2012-05-04 09:45:02,488 WARN metrics2.impl.MetricsSystemImpl: Source
name ugi already exists!
2012-05-04 09:45:02,494 INFO metrics2.impl.MetricsSourceAdapter: MBean
for source jvm registered.
2012-05-04 09:45:02,496 INFO metrics2.impl.MetricsSourceAdapter: MBean
for source NameNode registered.
2012-05-04 09:45:02,530 INFO hdfs.util.GSet: VM type       = 64-bit
2012-05-04 09:45:02,530 INFO hdfs.util.GSet: 2% max memory = 17.77875 MB
2012-05-04 09:45:02,530 INFO hdfs.util.GSet: capacity      = 2^21 =
2097152 entries
2012-05-04 09:45:02,530 INFO hdfs.util.GSet: recommended=2097152,
actual=2097152
2012-05-04 09:45:02,560 INFO hdfs.server.namenode.FSNamesystem:
fsOwner=thealy
2012-05-04 09:45:02,560 INFO hdfs.server.namenode.FSNamesystem:
supergroup=supergroup
2012-05-04 09:45:02,560 INFO hdfs.server.namenode.FSNamesystem:
isPermissionEnabled=true
2012-05-04 09:45:02,567 INFO hdfs.server.namenode.FSNamesystem:
dfs.block.invalidate.limit=100
2012-05-04 09:45:02,567 INFO hdfs.server.namenode.FSNamesystem:
isAccessTokenEnabled=false accessKeyUpdateInterval=0 min(s),
accessTokenLifetime=0 min(s)
2012-05-04 09:45:02,749 INFO hdfs.server.namenode.FSNamesystem:
Registered FSNamesystemStateMBean and NameNodeMXBean
2012-05-04 09:45:02,765 INFO hdfs.server.namenode.NameNode: Caching file
names occuring more than 10 times
2012-05-04 09:45:02,775 INFO hdfs.server.common.Storage: Number of files
= 11
2012-05-04 09:45:02,783 INFO hdfs.server.common.Storage: Number of files
under construction = 0
2012-05-04 09:45:02,783 INFO hdfs.server.common.Storage: Image file of
size 11087 loaded in 0 seconds.
2012-05-04 09:45:02,785 ERROR hdfs.server.namenode.NameNode:
java.lang.NullPointerException
	at hdfs.server.namenode.FSDirectory.addChild(FSDirectory.java:1094)
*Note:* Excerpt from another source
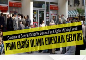 Prim gününe takılıp bir türlü emekli olamayan vatandaşları sevindirecek müjde Çalışma ve Sosyal Güvenlik Bakanı Faruk Çelik'ten geldi. Çelik, prim eksikliği olanların erken emekli olacağını belirtti.

	at hdfs.server.namenode.FSDirectory.addChild(FSDirectory.java:1106)
	at hdfs.server.namenode.FSDirectory.addNode(FSDirectory.java:1009)
	at
hdfs.server.namenode.FSDirectory.unprotectedAddFile(FSDirectory.java:208)
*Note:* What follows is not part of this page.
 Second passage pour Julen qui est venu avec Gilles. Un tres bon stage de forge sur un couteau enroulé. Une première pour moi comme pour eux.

	at hdfs.server.namenode.FSEditLog.loadFSEdits(FSEditLog.java:626)
	at hdfs.server.namenode.FSImage.loadFSEdits(FSImage.java:1015)
	at hdfs.server.namenode.FSImage.loadFSImage(FSImage.java:833)
	at hdfs.server.namenode.FSImage.recoverTransitionRead(FSImage.java:372)
	at hdfs.server.namenode.FSDirectory.loadFSImage(FSDirectory.java:100)
	at hdfs.server.namenode.FSNamesystem.initialize(FSNamesystem.java:388)
	at hdfs.server.namenode.FSNamesystem.<init>(FSNamesystem.java:362)
	at hdfs.server.namenode.NameNode.initialize(NameNode.java:276)
	at hdfs.server.namenode.NameNode.<init>(NameNode.java:496)
	at hdfs.server.namenode.NameNode.createNameNode(NameNode.java:1279)
	at hdfs.server.namenode.NameNode.main(NameNode.java:1288)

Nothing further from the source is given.